Mathematics Stack Exchange is a question and answer site for people studying math at any level and professionals in related fields. It only takes a minute to sign up.
Sign up to join this community
I'm currently planning on reading Suppes' Axiomatic Set Theory, because I'm interested in finding out what the currently accepted foundations of mathematic are. Is this a good book for doing so? What other good texts are there?
I am not looking for naive set theory, though I do not wish to go more deeply into the subject than the set theory that is needed as foundations of most mathematics today.
Peter Smith has a very good book list on his "Teach Yourself Logic" page. There is also a nice set of lecture notes by Stephen Simpson located here: "Foundations of Mathematics" (PDF).

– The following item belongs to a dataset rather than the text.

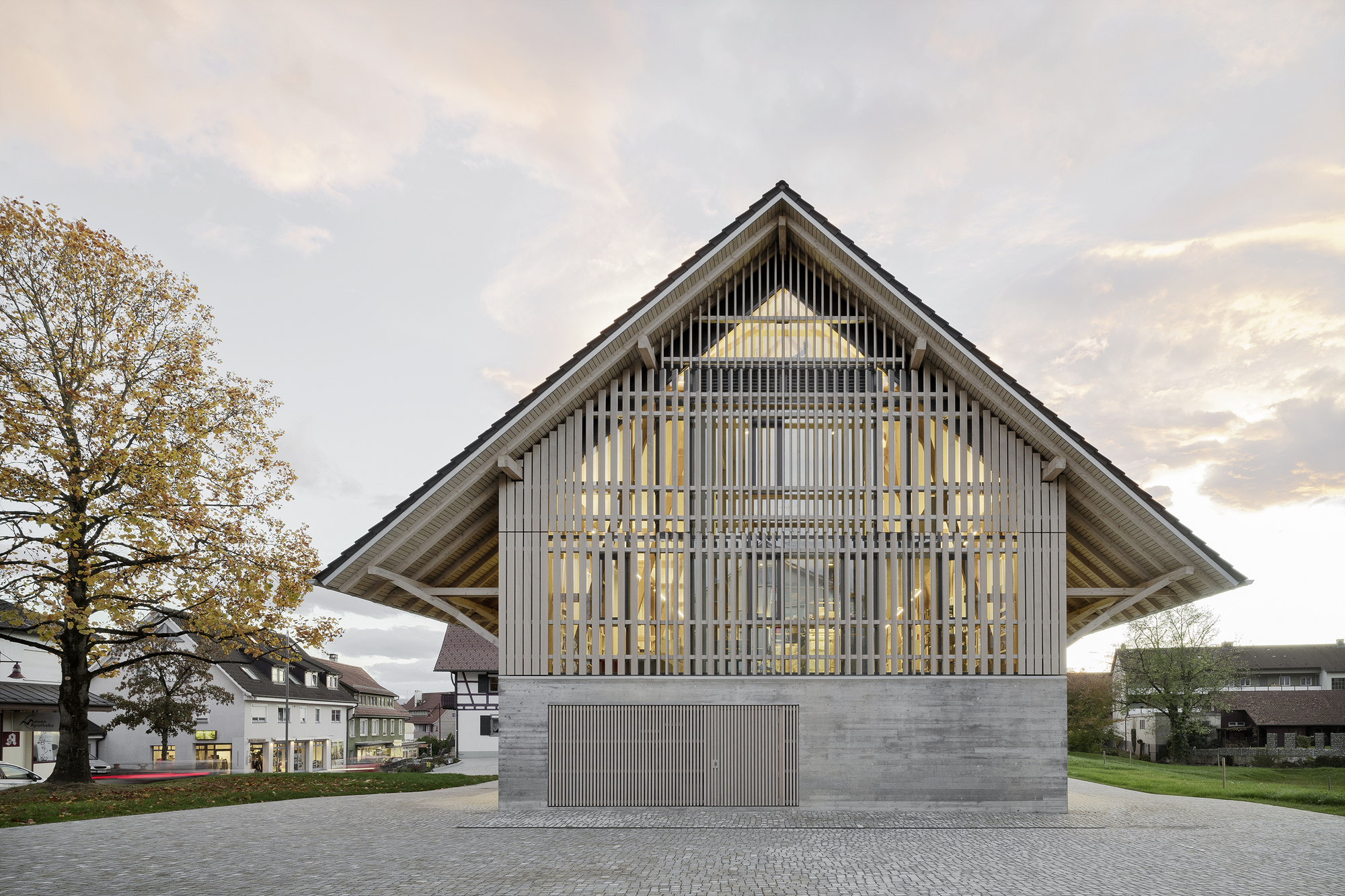 At its prominent location within the village, close to both the town hall and the festival hall, the barn’s new public use as a library and community center has established an important connection that now links the three separate buildings. An inviting forecourt and a broad outdoor terrace reinforce the barn’s new public character and encourage people to linger. The erstwhile, rather introverted storage building has become an open house that conserves its familiar image, with the solid base and large, open timber roof structure, while at the same time speaking an unequivocally modern language with the materials used and the large openings on the ground floor.

One question that you should clarify for your own benefit is whether you are interested in learning about foundations of mathematics, or about set theory. Set theory is an important tool in the field of foundations of mathematics, and it is also a topic of study in its own right. So, for example, well-regarded books such as Kunen's Set Theory: An Introduction to Independence Proofs and Jech's Set Theory will teach you a lot of set theory, but they will not teach your much about foundations of mathematics.
If you are genuinely interested in foundations of mathematics, the literature list is more difficult, because the topics are spread around many fields of math, and there is no single reference that will contain everything, much less present a coherent view of foundations.
If you are interested in the role set theory plays in foundations (compared to the study of set theory for its own sake), one very nice book is Foundations of Set-Theory by Abraham Fraenkel, Yehoshua Bar-Hillel and Azriel Levy. Levy's book Basic Set Theory is actually a graduate level text, is also very good at emphasizing foundational issues, and is now available from Dover.